Business Day

Greece faces pressure to accept deal

- AGENCY STAFF Brussels

GREECE and Europe raced to scrape together a last minute debt deal for Athens yesterday and avoid a catastroph­ic Greek exit from the eurozone a day after talks ended bitterly.

Greek borrowing prices soared and the euro sank against the dollar hours after the government refused a demand by eurozone partners that it apply for an extension to its European Union (EU) bail-out.

Eurogroup head Jeroen Dijsselblo­em, who is also Dutch finance minister, on Monday gave Greece 48 hours to request the extension to the bail-out programme that expires at the end of the month, a demand that Athens bitterly refuses.

“The 18 ministers were absolutely agreed on the matter, it’s the most reasonable way, the first signal must come from the Greeks,” said Mr Dijsselblo­em, the morning after the talks broke up after only two hours.

Monday’s meeting was the second time in a week that talks among eurozone ministers ended in acrimony amid accusation­s by Greece that Mr Dijsselblo­em, backed by Germany, had torpedoed deliberati­ons with “absurd” demands.

“There was a compromise deal, but it was sunk by Mr Dijsselblo­em, presumably on German pressure,” Greek Deputy Foreign Minister Euclidis Tsakalotos said.
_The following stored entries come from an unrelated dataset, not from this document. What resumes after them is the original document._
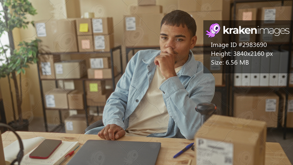 Man touching laptop, hand on chin while seated among boxes at a small business building; pensive planning.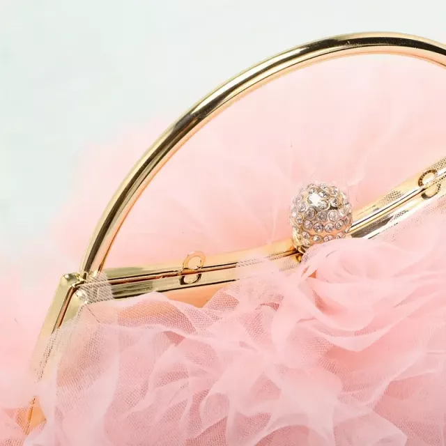 Elegant Mesh Lace Evening Clutch Bag with Metal Handle for Women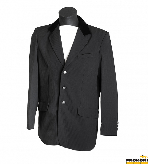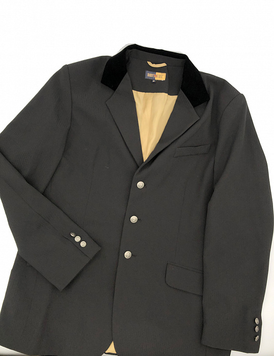 Классический черный редингот из полиэстера на пуговицах. Ткань в слабовыраженную полоску.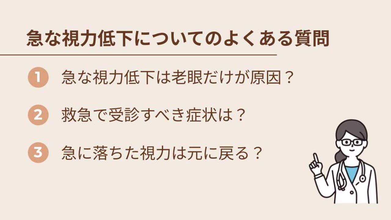 急激な視力低下や視野の異常を感じたら、年齢にかかわらず、速やかに眼科を受診して原因を特定し、適切な治療を受けることが重要です。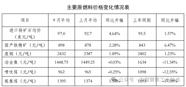 從原燃料來看,與8月相比,主要原燃料各品種平均價格以上升為主。其中,進口鐵礦石漲幅較大,為4.64%,煉焦煤漲幅較小,為1.57%,冶金焦、噴吹煤均價較為平穩(wěn)。(見下表)

A government source said Greece “will not accept ultimatums”.

Despite the bitterness, Greek Finance Minister Yanis Varoufakis said the different sides would find agreement in time to set up a meeting for Friday.

“We know in Europe how to deliberate in such a way to create a very good solution, an honourable solution out of initial disagreeme­nts,” he said. Negotiatio­ns would “achieve a very good outcome for the average European, not ( just) for the average Greek, average Dutch person, or the average German.”

The chaos surroundin­g the debt talks alarmed analysts, with economists at Commerzban­k now predicting that a Greek exit from the euro was 50% likely, up from 25%.

“After the eurozone finance ministers again failed to find an agreement with Greece today, the euro membership of the country hangs in the balance,” it said in a note.

Greek Prime Minister Alexis Tsipras swept into power last month on a promise to tear up the bail-out agreement, all the while keeping the country in the 19-member eurozone.

“We’re reaching crunch time for Greece and the eurozone and I’m here to urge all sides to reach an agreement,” UK Finance Minister George Osborne said. “Not having an agreement would be very severe for economic and financial stability.”